Two datasets are available of which one dataset is on red wine and have 1599 different varieties and the other is on white wine and have 4898 varieties. All wines are produced in a particular area of Portugal. Data are collected on 12 different properties of the wines one of which is Quality, based on sensory data, and the rest are on chemical properties of the wines including density, acidity, alcohol content etc. All chemical properties of wines are continuous variables. Quality is an ordinal variable with possible ranking from 1 (worst) to 10 (best). Each variety of wine is tasted by three independent tasters and the final rank assigned is the median rank given by the tasters.

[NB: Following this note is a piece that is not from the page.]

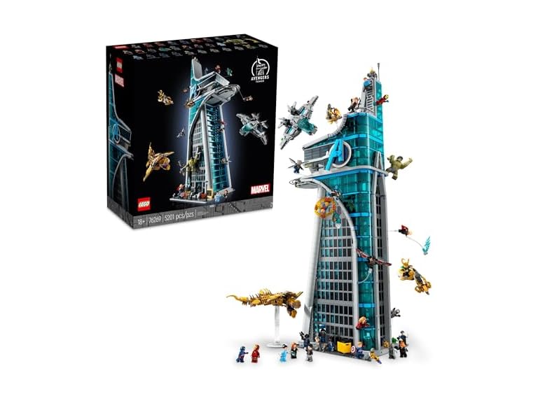 - (1) LEGO Marvel Avengers Tower Building Kit, Detailed Recreation of The Iconic HQ Featuring Classic Movie Scenes, 31 Figures and Authentic Accessories, Gift for Marvel Fans and Model-Makers, 76269

A predictive model developed on this data is expected to provide guidance to vineyards regarding quality and price expected on their produce without heavy reliance on volatility of wine tasters.

In [1]:
import pandas as pd
import numpy as np

In [2]:
data_r = pd.read_csv('https://github.com/albahnsen/PracticalMachineLearningClass/raw/master/datasets/Wine_data_red.csv')
data_w = pd.read_csv('https://github.com/albahnsen/PracticalMachineLearningClass/raw/master/datasets/Wine_data_white.csv')

In [3]:
data = data_w.assign(type = 'white')
data = data.append(data_r.assign(type = 'red'), ignore_index=True)
data.head()

Unnamed: 0,fixed acidity,volatile acidity,citric acid,residual sugar,chlorides,free sulfur dioxide,total sulfur dioxide,density,pH,sulphates,alcohol,quality,type
0,7.0,0.27,0.36,20.7,0.045,45.0,170.0,1.001,3.0,0.45,8.8,6,white
1,6.3,0.3,0.34,1.6,0.049,14.0,132.0,0.994,3.3,0.49,9.5,6,white
2,8.1,0.28,0.4,6.9,0.05,30.0,97.0,0.9951,3.26,0.44,10.1,6,white
3,7.2,0.23,0.32,8.5,0.058,47.0,186.0,0.9956,3.19,0.4,9.9,6,white
4,7.2,0.23,0.32,8.5,0.058,47.0,186.0,0.9956,3.19,0.4,9.9,6,white


# Exercise 6.1

Show the frecuency table of the quality by type of wine

In [4]:
Aux = data[["type","quality","density"]].groupby(["quality","type"]).count().unstack()
Aux

Unnamed: 0_level_0,density,density
type,red,white
quality,Unnamed: 1_level_2,Unnamed: 2_level_2
3,10.0,20.0
4,53.0,163.0
5,681.0,1457.0
6,638.0,2198.0
7,199.0,880.0
8,18.0,175.0
9,,5.0


# SVM

# Exercise 6.2

* Standarized the features (not the quality)
* Create a binary target for each type of wine
* Create two Linear SVM's for the white and red wines, repectively.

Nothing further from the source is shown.